I'd suggest a good book. The best IMO is this:

http://www.amazon.com/Server-2005-Database-Design-Optimization/dp/1590595297/ref=ntt_at_ep_dpt_1

AlexKuznetsov
A: 

In addition to not normalizing, a common problem I see is overindexing, done before there are performance measurements that take into account your in-production mix of reads vs. writes.

It's really, really easy to add an index to speed up a query, and harder to figure out which one to remove when you have several that are getting updated during an INSERT or UPDATE.
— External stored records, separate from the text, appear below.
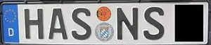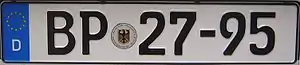 ![]() | Номерные знаки экспортируемых автомобилей. Устанавливаются на автомобили, вывозимые за границу Германии. Владелец ТС не должен быть гражданином Германии и не должен регистрировать автомобиль. На таких номерах отсутствует синяя полоса с символом ЕС в левой части номерного знака. Вместо неё в правой части знака наносится красная полоса и указывается число, месяц и год окончания страхового договора ТС. |
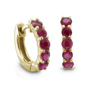 5 Stone Hoops Ruby Earrings in 14k Yellow Gold, 1.00 cttw
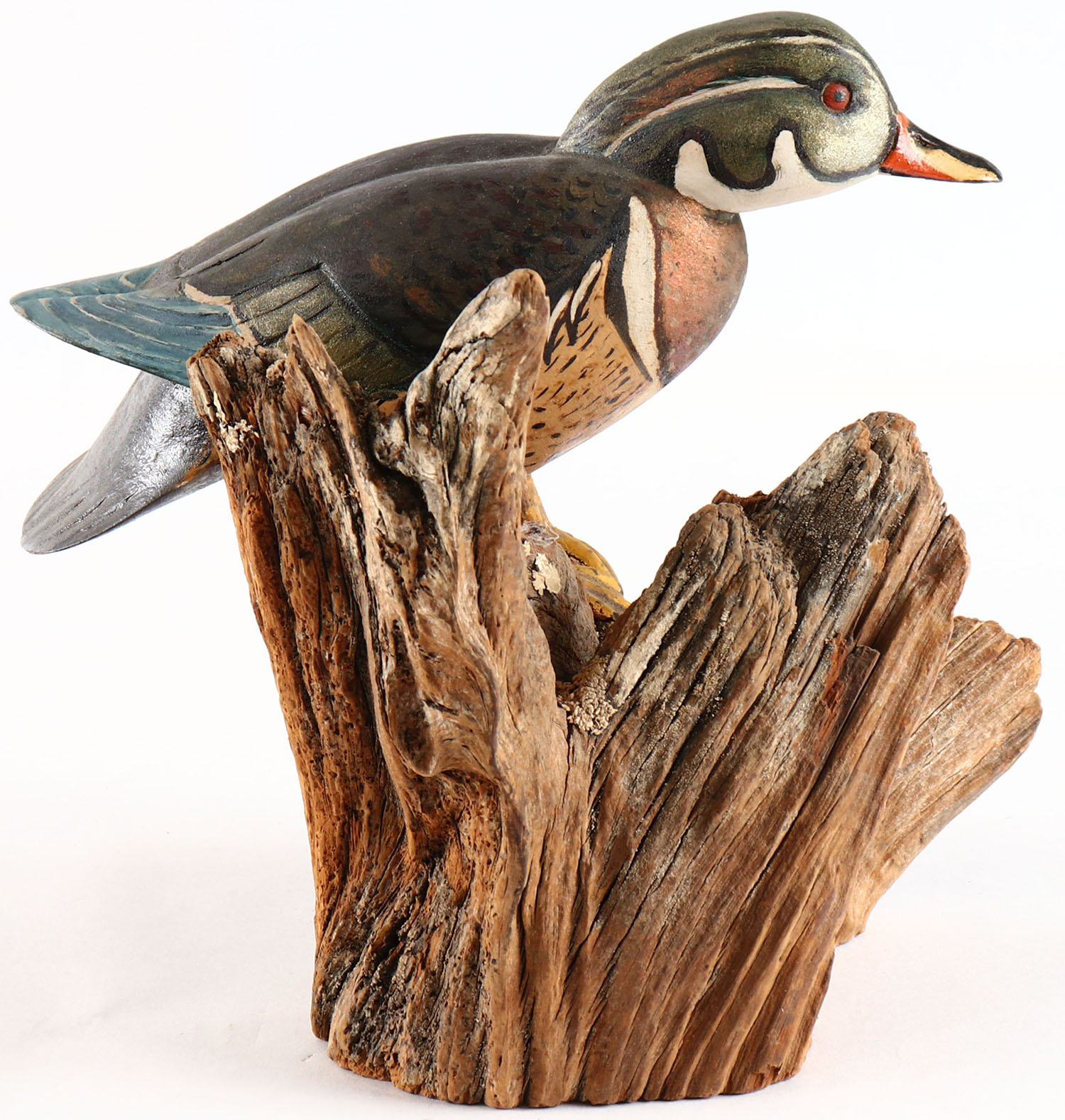 Woodduck Drake by Ducks Unlimited, on wood stand, glass eyes, solid wood, original paint, structurally excellent. Grade: Excellent ++ - Value: 10 to 60

The middle ground is to go after obvious secondary indexes (e.g., for common, frequent lookups by name on large tables), deferring other candidate indexes until you have reasonable performance tests in place.

Dave W. Smith
Is an index the same as choosing primary keys?
Jeff Yates
Not necessarily. You can specify non-unique secondary indexes.
Dave W. Smith
A: 

You might find some usable stuff in these slides: [http://www.slideshare.net/billkarwin/sql-antipatterns-strike-back][1]

jandersson
+1  A: 

I also am a beginner to database design, but I found this online tutorial very, very helpful:

Database design with UML and SQL, 3rd edition

The author explains all the fundamental design aspects of database, and in a very clear manner. Before I found this online guide I did a lot of wikipedia reading about normalization. While that helped, this author explains the exact same stuff (through 3rd normal form, at least) but in a much, much easier to read way. It pretty much addresses all your questions as well.

JoeCool
Thanks, that's great!
Jeff Yates
A: 

Among other things, not using primary keys, not thinking ahead about whether you'll be using indexed views (and designing tables accordingly; I once had to drop and recreate a large table at my site to change its ANSI_NULL attribute to ON so that I could then use it with an indexed view), using indices.

Darth Continent